> [TASK DETAILS]:
Reproduce, exactly, the lines of the material below from the line containing "1、放假時間:2023年9月" through the line containing "Built with shock-absorbing", with both end lines included and nothing else.

> [RECORD EXCERPTS]:
- - -
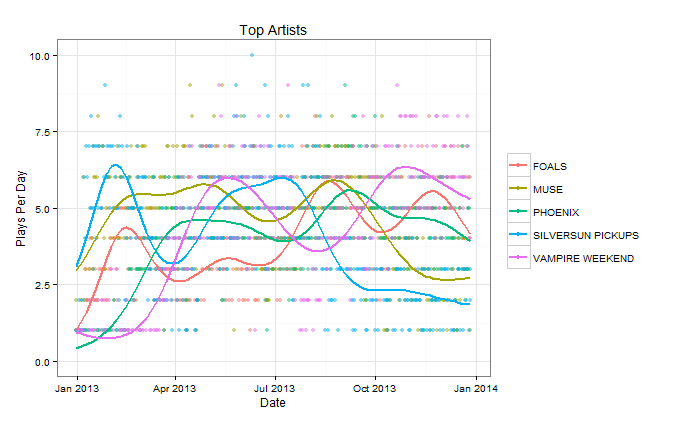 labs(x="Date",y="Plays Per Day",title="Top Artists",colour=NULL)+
- - -
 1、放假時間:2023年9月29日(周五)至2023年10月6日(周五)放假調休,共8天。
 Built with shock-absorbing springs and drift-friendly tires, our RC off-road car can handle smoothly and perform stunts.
- - -
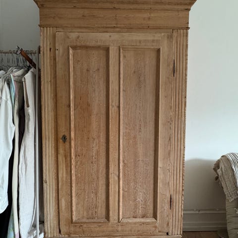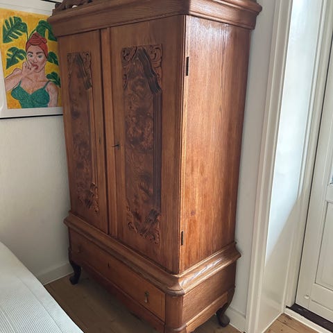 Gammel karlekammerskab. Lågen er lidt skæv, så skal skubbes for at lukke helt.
- - -
> [YOUR RESPONSE]:
 1、放假時間:2023年9月29日(周五)至2023年10月6日(周五)放假調休,共8天。
 Built with shock-absorbing springs and drift-friendly tires, our RC off-road car can handle smoothly and perform stunts.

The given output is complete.